In this case, we are asked to consider whether, under Michigan law, a suspect’s waiver of his rights to remain silent and to counsel is valid when the police fail to inform him, before he gives a statement, that a specific, retained attorney is immediately available to consult with him. We hold that Const 1963, art 1, § 17 requires the police to inform the suspect that a retained attorney is immediately available to consult with him, and failure to so inform him before he confesses per se precludes a knowing and intelligent waiver of his rights to remain silent and to counsel.1
[598]*598I. FACTS AND PROCEDURAL HISTORY
During the early morning hours of August 2, 1991, bicycles were taken from two separate residences, and a sink was removed from a house that was under construction. Bloomfield Township Police Officer Steven Currie arrived at one of the locations at 3:33 A.M. A canine unit arrived, and at approximately 4:00 A.M. defendant Jamieson Bender was arrested by a canine handler. He was placed in a holding cell at approximately 4:30 A.M.

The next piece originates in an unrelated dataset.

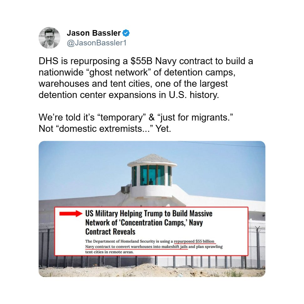 The Department of Homeland Security is using a repurposed $55 billion Navy contract to convert warehouses into makeshift jails and plan sprawling tent cities in remote areas. – Jason Bassler

Officer Currie and Sergeant DeWolfe went to defendant Scott Zeigler’s house between 7:00 and 8:00 A.M. Zeigler let the officers into the house and told them that he had loaned his car to Bender, that he knew where his car was located, that he and Bender had taken a couple of bicycles, and that they had taken a sink from a house that was under construction. Zeigler was arrested and then showed Officer Currie where the stolen property was located.
Officer Currie testified that he arrested Zeigler about 8:00 or 8:30 A.M. However, Zeigler’s mother, Ruth, who was at the house at the time that Zeigler was arrested, stated that she had called attorney Allan Goldfine at 6:45 A.M. Mr. Goldfine agreed to represent Zeigler and told her to go to the police station and tell Zeigler not to talk to anyone until Zeigler first talked to him. Thus, she went to the police station at 7:15 A.M., talked to Officer Currie, and asked to see her son.2 When he refused, she told Officer Currie that she had a message for her son from his attorney. [599]*599Officer Currie, however, told Ruth that she could not see her son, that she could not get a message to him, and that she could not stay and talk to the detective. 3
[600]*600A police officer called Bender’s mother, Kathleen, about 5:30 A.M. to inform her of her son’s arrest. She then contacted Bender’s father, Phillip, who was residing out of state. Phillip called the police station at 7:00 A.M. and asked to speak with his son. When the officer refused, Phillip told him that he was going to get counsel for his son immediately. He then called attorney Elizabeth Pezzetti who agreed to represent Bender.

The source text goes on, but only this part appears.